La carpintería como afición para toda la vida
Ya de adulto, la carpintería siempre fue un pasatiempo que disfruté. Tenía la habilidad de construirme un escritorio, hacerle una estantería a mi esposa como regalo de Navidad y ayudar a mi iglesia con el mobiliario durante una remodelación. Poco a poco fui reuniendo las herramientas necesarias para tener un taller completo y muy entretenido. Un artículo popular en aquel entonces era una variación de la bandera estadounidense hecha de pino quemado, y tenía que intentar hacer una.
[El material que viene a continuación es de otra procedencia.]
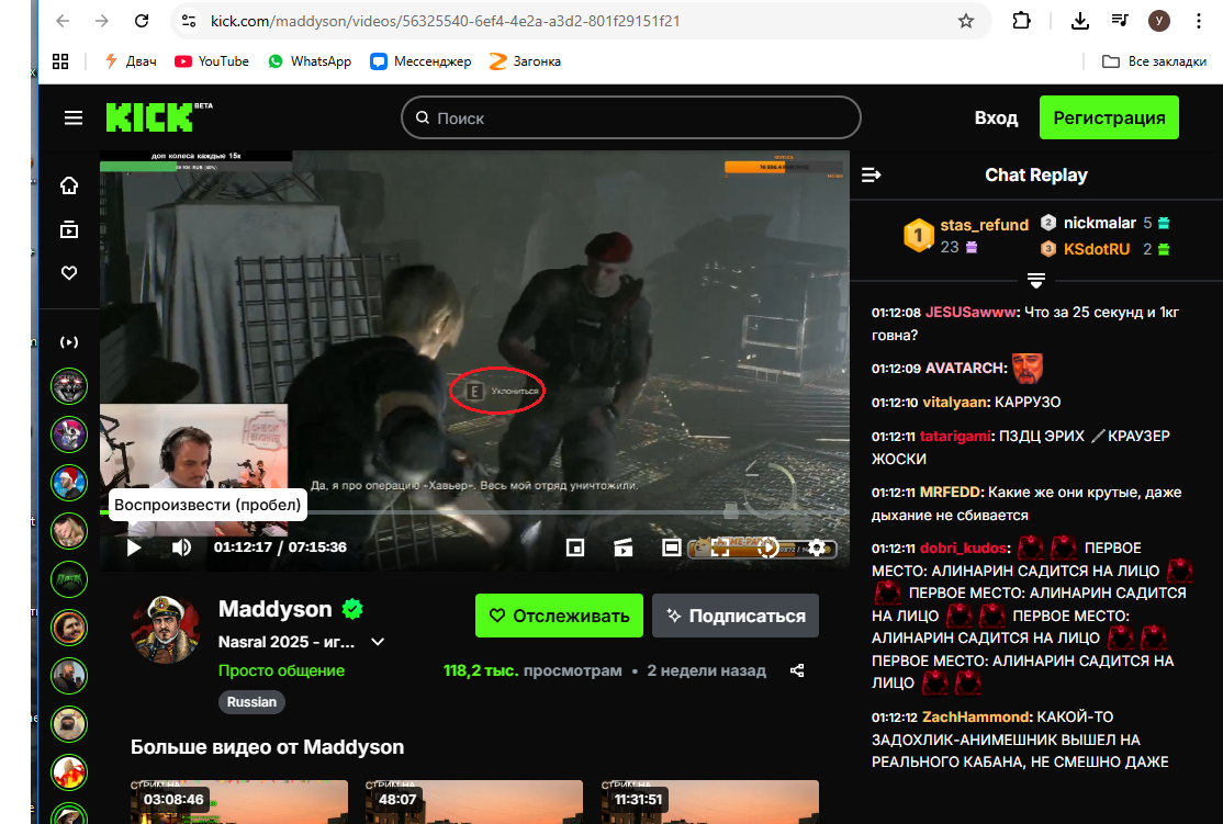 Кто то скажет что в RE4 можно часто нажимать кнопку парирования и таким образом автоматически парировать удары. И Чмодье действительно так делал на второй битве с Краузером в руинах с ловушками где Краузер часто атакует из засад во время продвижения Леона по руинам 5:05:06 https://kick.com/maddyson/videos/56325540-6ef4-4e2a-a3d2-801f29151f21 там он так делал потому что чит на парирование не парирует автоматически во время бега, это написано даже в описании чита >Optional no auto parry while running https://www.nexusmods.com/residentevil42023/mods/379 В этом случае он закликивал кнопку парирования и было видно и слышно что Леон часто из за этого меняет позу и издает характерные звуки. Однако если бы он использовал это закликивание в первой битве с краузером на ножах под замком, то их тоже было бы видно и слышно, а их не было видно и слышно но при этом почти все удары Краузера Чмодье парировал 1:11:41 https://kick.com/maddyson/videos/56325540-6ef4-4e2a-a3d2-801f29151f21 После этого он понял что слишком сильно палится с этим читом, и попытался организовать какое то прикрытие. Вот это является вторым признаком того что Чмодье играл с читом.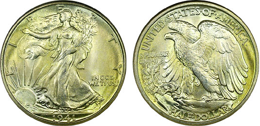 Marvelously lustrous and enveloped in a cartwheel aurora of vivid yellow tinted with very light lime. A typical example of this date typically sells for around $700. However, I can walk down to any coin shop or any coin show and pick up a 1941-D Walker in MS67. I could look for quite some time and still not find one with the striking eye appeal of this example. Think about it.

Pero cuando se trataba de las estrellitas, quería que fueran perfectas, así que compré un paquete de estrellas cortadas con láser de otro fabricante. ¡Me dije que algún día tendría una cortadora láser! Pasaba la mayor parte de mi tiempo después del trabajo creando y vendiendo decoración de madera hecha a mano.

El salto al grabado láser
Durante la pandemia, mi trabajo cerró, así que me refugié en mi lugar favorito: el taller de carpintería. Ahora que tenía más tiempo, pude ganar más dinero, ¡lo suficiente para pagar las facturas! Empecé a ver la carpintería como una opción profesional seria, así que invertí en herramientas.
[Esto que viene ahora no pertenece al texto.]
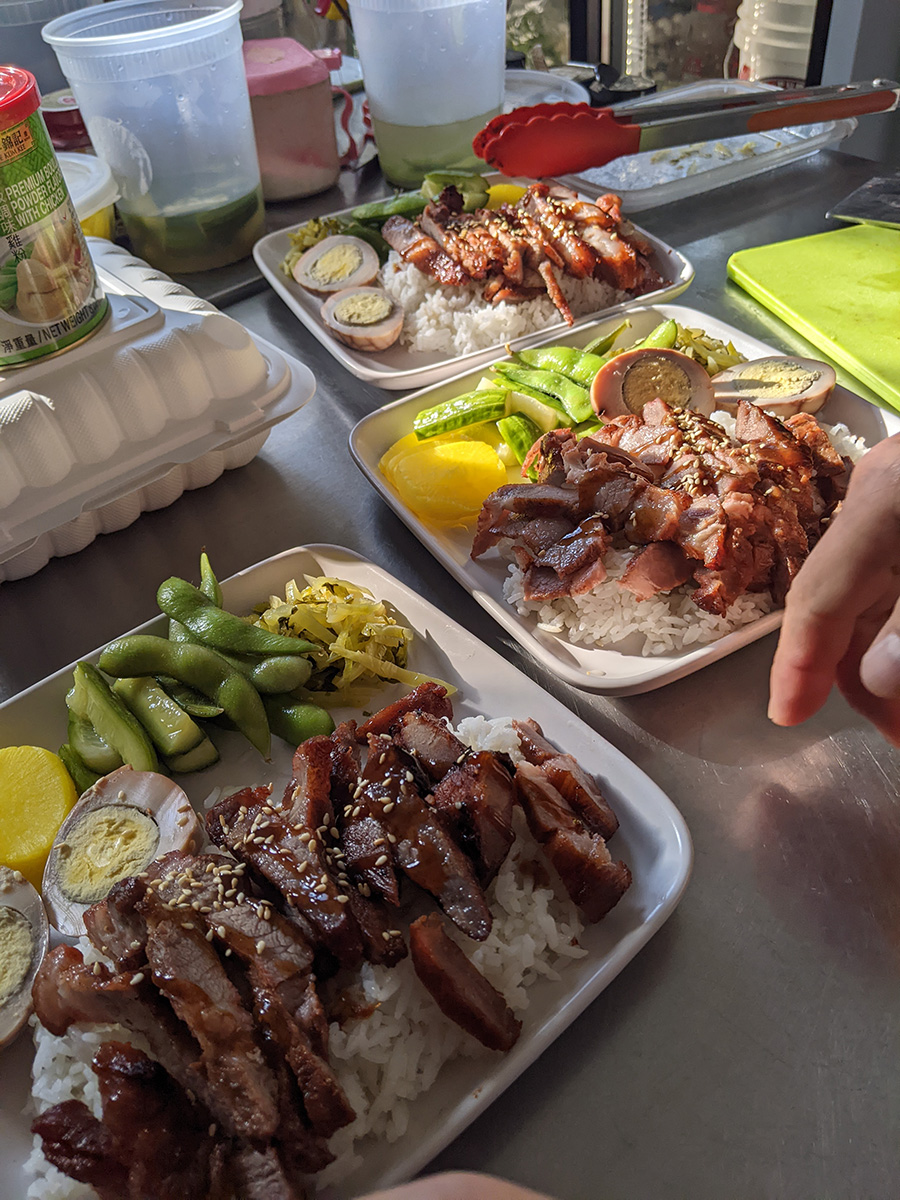 it ended up being a pretty busy day: 9 bento boxes, 2 orders of tea eggs (4 eggs), 9 dumplings, 3 fried rice, 3 taiwanese beef noodles, 2 ramen noodles, and 4 assortment of other noodles. still, business tapered off enough in the late afternoon early evening that i returned home by 5pm.

Una de las primeras herramientas nuevas que adquirí fue una pequeña grabadora láser de escritorio. Sin saberlo, esta pequeña mejora me reportaría grandes beneficios y me encaminaría hacia el mundo digital de la carpintería. Rápidamente me convertí en uno de los pocos artesanos que ofrecía personalización en sus productos. Esta capacidad fue revolucionaria, sobre todo al adentrarme en trabajos de carpintería más finos, como tablas de cortar, regalos de boda y letreros personalizados.
La búsqueda de un ideal Grabador láser
Probé varias grabadoras láser, mejorándolas con el tiempo. ¡Incluso compré una portátil a batería para personalizar productos en ferias de artesanía! Pero nunca me tomé en serio los láseres de diodo de sobremesa como herramienta de corte. Para mí, ese trabajo era para un láser de CO2 caro (y muy pesado). Al menos eso me decían todos los carpinteros "serios". Así que me limité a los grabados superficiales.
Eso fue hasta que vi a un creador respetado reseñando un láser de diodo grande y potente que supuestamente competiría con la potencia y el tamaño de los láseres de CO2 más grandes. Y era de una marca que ya conocía. Ese láser era El A70 Max de AtomStack.Vi algunos vídeos al respecto, ¡y enseguida encargué uno!


La opción perfecta: Grabador láser AtomStack A70 Max
Trabajo en un taller con espacio limitado, así que todas mis herramientas grandes tienen ruedas. Constantemente tengo que moverlas para optimizar el espacio para proyectos grandes, como mesas de conferencias. No me imagino haciendo eso con un láser de CO2 tan pesado y su unidad de refrigeración externa. Pero mi A70 Max está sobre un carrito ligero que construí y se mueve con facilidad.
Me encanta porque la A70 corta materiales gruesos con bastante facilidad, y su flujo de trabajo resulta familiar para quienes usan láseres de diodo. Es un complemento perfecto para mi CNC, que es una herramienta excelente, pero las brocas giratorias no logran crear esquinas interiores nítidas y tienden a desgarrar los materiales delicados. Ahí es donde entra en juego la A70. la A70 Max ¡Brilla! ¡Me permite ser aún más creativo!